Мышастый еще не вышел на трибуну в своем белоснежном, как смерть, мундире, еще не звякнули под ветром заботливо развешанные на груди разноцветные ордена, но уже заалело на стене, и солнце, опускаясь в ядовито-розовый закат, ярко вычернило тени и то место, где должен был он стоять, принимая присягу потентата. На самом деле никакого солнца не было, город, как и всегда, по самые уши завешен был смогом и сизыми вялыми тучами. Эффект заката создавали специальные осветительные пушки, направленные на стену и на трибуну, где прямо сейчас, только пробьют на стене часы, появится новый базилевс, выйдет твердой поступью, окинет народ взором мягким, ласковым и осчастливит, но не так, как в похабных романах чуждой гейропы, а по-нашему, по-человечески.
И ждали не зря, не напрасно. Взревели юпитеры, засверкали вспышки блицев, напряглись снайперы на древних каменных стенах дворца, выискивая цели через оптический прицел, да нет, не выискивая, теперь вся площадь была их целью, все хипстеры, аграрии, пролетарии и оппозиционеры, все, кто был на ней, а в перспективе и те, кто не был, все их родные, знакомые и незнакомые, вся страна, сама того не ведая, готовилась отдать жизнь за потентата.
Шагом сильным, торжественным, быстрым и величественным одновременно выступил на трибуну Мышастый, белый мундир под лучами искусственной зари стал розовым, кровавым, ордена пускали шаловливых зайчиков, слепили народ и праздную публику. По бокам, охраняя от невидимых зол, шли еще два человека – красивый, молодцеватый, глупый Хранитель и очень прямой Хабанера, вдвойне серый от выпитых лекарств.
Площадь взорвалась от восторженных криков, над головами поднялись транспаранты со словами любви и благодарности, в воздух тяжело полетели шляпы, кепки, мотоциклетные шлемы, а также лифчики разных цветов и фасонов. Они взлетали, парили и падали, и снова взлетали, и опять, и снова. Когда именно барышни успели растелешиться, оставалось тайной, возможно, впрочем, что лифчики были припасены заранее и даже раздавались при входе на площадь – министерство пиара и пропаганды не зря ело свой хлеб. И в самом деле, что это за инаугурация без единого лифчика? Пусть наши западные партнеры видят, что мы государство свободное, либеральное, и лифчиков нам не жалко, а надо будет – и трусы в ход пойдут.

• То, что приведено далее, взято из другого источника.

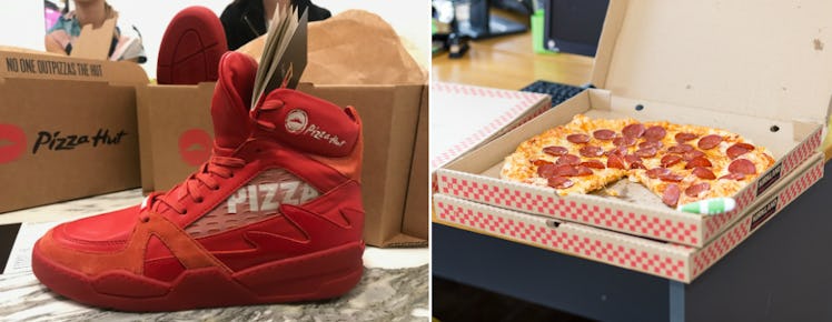 Have you ever wanted to order pizza at the press of a button? Have you also always wanted pizza-themed footwear? Well, now you can have both of those things all wrapped up into one beautiful shoe: Here's where to buy Pizza Hut Pie Tops sneakers, so you can order your pizza and eat it, too.

Кое-где, впрочем, среди восторгов тренированный слух охраны различал и негодующие возгласы – как ни фильтровали публику, на площадь все-таки попало небольшое количество оппозиционеров. Все они, впрочем, были известны в лицо, все были наперечет и настоящей опасности не представляли.
Спроси их, зачем пришли, они бы, верно, и сами не знали. Вероятно, как всегда, требовать свобод, честных выборов – да что честных, для начала хоть каких-нибудь, а там уже видно будет. Хотели, в сущности, перемен, но при этом пришли протестовать против переворота, который и есть всегда главная перемена. А ведь до того сами собирались базилевса свергнуть, покрикивали на кухнях, карбонарии, якобинничали, пили спирт, тошнили в унитазы. Все за них сделали – нет, опять недовольны: базилевс ли, Мышастый – хрен редьки, шило против мыла. Только слышно унылое, мутное, бормочущее: «доло-ой… доло-ой…» Ничего, настанет срок, мы эту дурную траву всю под корень, вспомнят тридцатые годы, попрыгают…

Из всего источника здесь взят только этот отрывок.